Task directions:
Could you repeat all of the entries below word for word, apart from the pictures?

Records for processing:
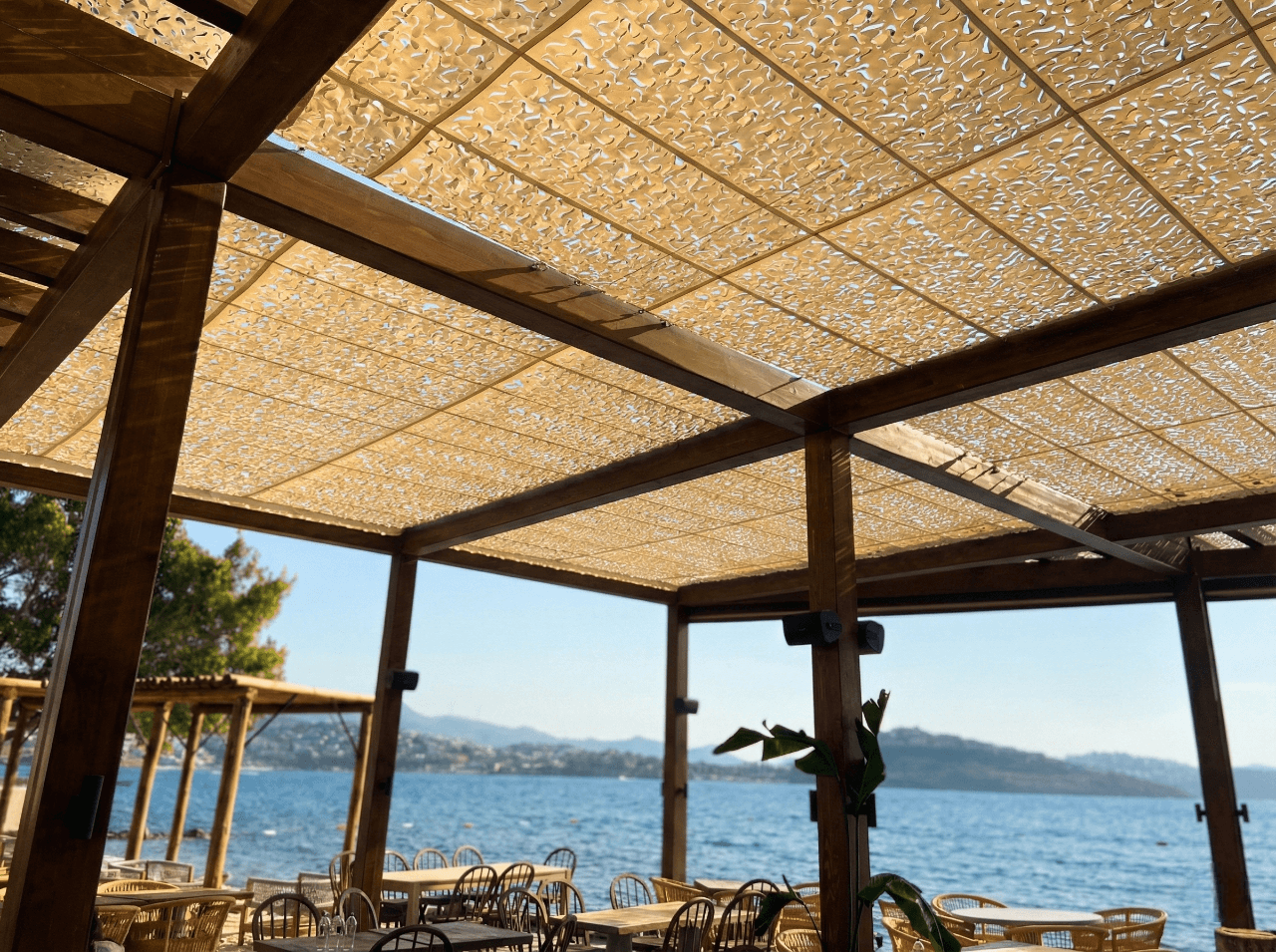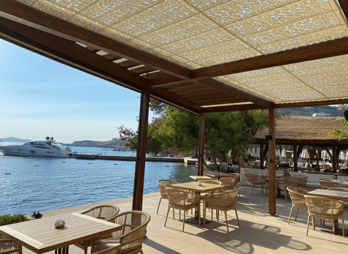 Bodrum’ un en seçkin ve enerjik noktalarından biri olan Momo Beach’ te, güneşin yakıcı etkisini Selçuk Tente’ nin sanatsal dokunuşuyla birer ışık oyununa dönüştürdük. Denizin ve eğlencenin merkezinde, konforu estetikle buluşturan çözümümüz: Telli Tente Sistemi. Bu prestijli iskele projesinde, mekanın bohem ve lüks ruhuna kusursuz bir uyum sağlaması için CNC Kesim Kamuflaj Kumaş tercih ettik. Krom halatlar üzerinde bir kuğu zarafetiyle süzülen sistemimiz, Bodrum’ un o ferahlatıcı esintisini kesmeden misafirlere en şık gölge deneyimini sunuyor. Kamuflaj dokunun arasından süzülen yumuşak ışık huzmeleri, iskelenin ahşap zemini ve modern mobilyalarla birleşerek Momo Beach misafirleri için yaşayan, dinamik bir atmosfer yaratıyor. Maviye, güneşe ve Bodrum’un ruhuna en çok yakışan tasarım.
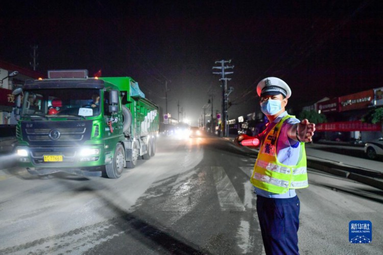 8月9日凌晨,交警在天津市靜海區臺頭鎮一處十字路口指揮工程車輛進入作業現場。 近期,位于天津市靜海區的大清河臺頭段水位持續上漲,臺頭鎮等地防洪形勢嚴峻。根據最新測報,截至8月9日上午10時,大清河臺頭水位接近6米,接近洪水預測的峰值。 連日來,消防救援人員、公安干警、鎮村干部、留守人員等晝夜開展村莊及河堤巡查、岸堤加固等防洪作業,做好處置突發險情的各項準備,全力保障大清河堤防安全,守護臺頭鎮全鎮18個村的平安。 新華社記者 孫凡越 攝
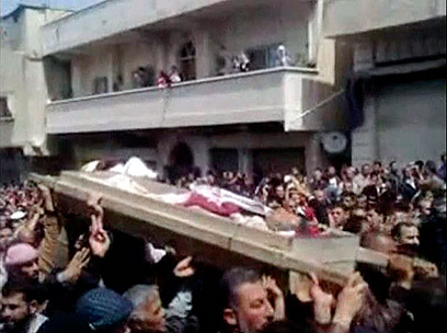 "שלושה הרוגים בבניאס". הלוויית מפגינים שנהרגו בדרעא (צילום: רויטרס)
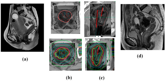 A 68-year-old woman presented with cervical cancer with uterine corpus invasion cT3bN1M0 (Stage 3B). The tumor exhibited significant extension into the lateral pelvic wall and corpus, with an initial gross tumor volume of 190.7 cc. The patient underwent whole-pelvic external beam radiotherapy (WP EBRT; 30 Gy in 15 fractions) with concurrent chemotherapy (40 mg/m2, q1 week CDDP × 5 times). The tumor volume reduced to 133.3 cc, and the patient underwent ISBT (30 Gy/5 fractions in 3 days administered twice daily). She continued to receive CS EBRT (10 Gy/10 fractions) and a lymph node boost EBRT (6 Gy/3 fractions). The patient remains in complete remission and alive 38 months post-treatment, with no evidence of recurrence. (a) Initial MRI image (Sagittal image). (b) Axial images and (c) Sagittal images of CT (outside of the rectangle) and MRI (inside of the rectangle) fusion images used in ISBT planning taken after the ISBT procedure. The pink line in the upper panel indicates the HR-CTV, and the red points and lines indicate the applicators. Note 100% isodose line (red line) fit to the HR-CTV in the bottom panel. (d) MRI image 4 months later (complete remission status).
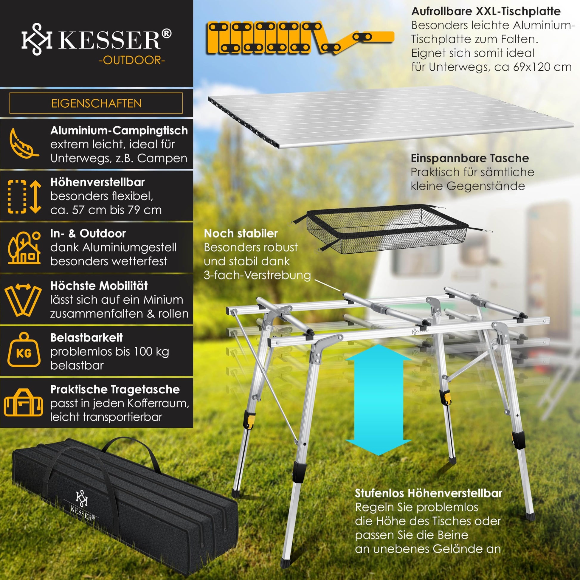 KESSER Camping Falttisch aufrollbar 120x70cm - Silber

Exercise answer:
 Bodrum’ un en seçkin ve enerjik noktalarından biri olan Momo Beach’ te, güneşin yakıcı etkisini Selçuk Tente’ nin sanatsal dokunuşuyla birer ışık oyununa dönüştürdük. Denizin ve eğlencenin merkezinde, konforu estetikle buluşturan çözümümüz: Telli Tente Sistemi. Bu prestijli iskele projesinde, mekanın bohem ve lüks ruhuna kusursuz bir uyum sağlaması için CNC Kesim Kamuflaj Kumaş tercih ettik. Krom halatlar üzerinde bir kuğu zarafetiyle süzülen sistemimiz, Bodrum’ un o ferahlatıcı esintisini kesmeden misafirlere en şık gölge deneyimini sunuyor. Kamuflaj dokunun arasından süzülen yumuşak ışık huzmeleri, iskelenin ahşap zemini ve modern mobilyalarla birleşerek Momo Beach misafirleri için yaşayan, dinamik bir atmosfer yaratıyor. Maviye, güneşe ve Bodrum’un ruhuna en çok yakışan tasarım.
 8月9日凌晨,交警在天津市靜海區臺頭鎮一處十字路口指揮工程車輛進入作業現場。 近期,位于天津市靜海區的大清河臺頭段水位持續上漲,臺頭鎮等地防洪形勢嚴峻。根據最新測報,截至8月9日上午10時,大清河臺頭水位接近6米,接近洪水預測的峰值。 連日來,消防救援人員、公安干警、鎮村干部、留守人員等晝夜開展村莊及河堤巡查、岸堤加固等防洪作業,做好處置突發險情的各項準備,全力保障大清河堤防安全,守護臺頭鎮全鎮18個村的平安。 新華社記者 孫凡越 攝
 "שלושה הרוגים בבניאס". הלוויית מפגינים שנהרגו בדרעא (צילום: רויטרס)
 A 68-year-old woman presented with cervical cancer with uterine corpus invasion cT3bN1M0 (Stage 3B). The tumor exhibited significant extension into the lateral pelvic wall and corpus, with an initial gross tumor volume of 190.7 cc. The patient underwent whole-pelvic external beam radiotherapy (WP EBRT; 30 Gy in 15 fractions) with concurrent chemotherapy (40 mg/m2, q1 week CDDP × 5 times). The tumor volume reduced to 133.3 cc, and the patient underwent ISBT (30 Gy/5 fractions in 3 days administered twice daily). She continued to receive CS EBRT (10 Gy/10 fractions) and a lymph node boost EBRT (6 Gy/3 fractions). The patient remains in complete remission and alive 38 months post-treatment, with no evidence of recurrence. (a) Initial MRI image (Sagittal image). (b) Axial images and (c) Sagittal images of CT (outside of the rectangle) and MRI (inside of the rectangle) fusion images used in ISBT planning taken after the ISBT procedure. The pink line in the upper panel indicates the HR-CTV, and the red points and lines indicate the applicators. Note 100% isodose line (red line) fit to the HR-CTV in the bottom panel. (d) MRI image 4 months later (complete remission status).
 KESSER Camping Falttisch aufrollbar 120x70cm - Silber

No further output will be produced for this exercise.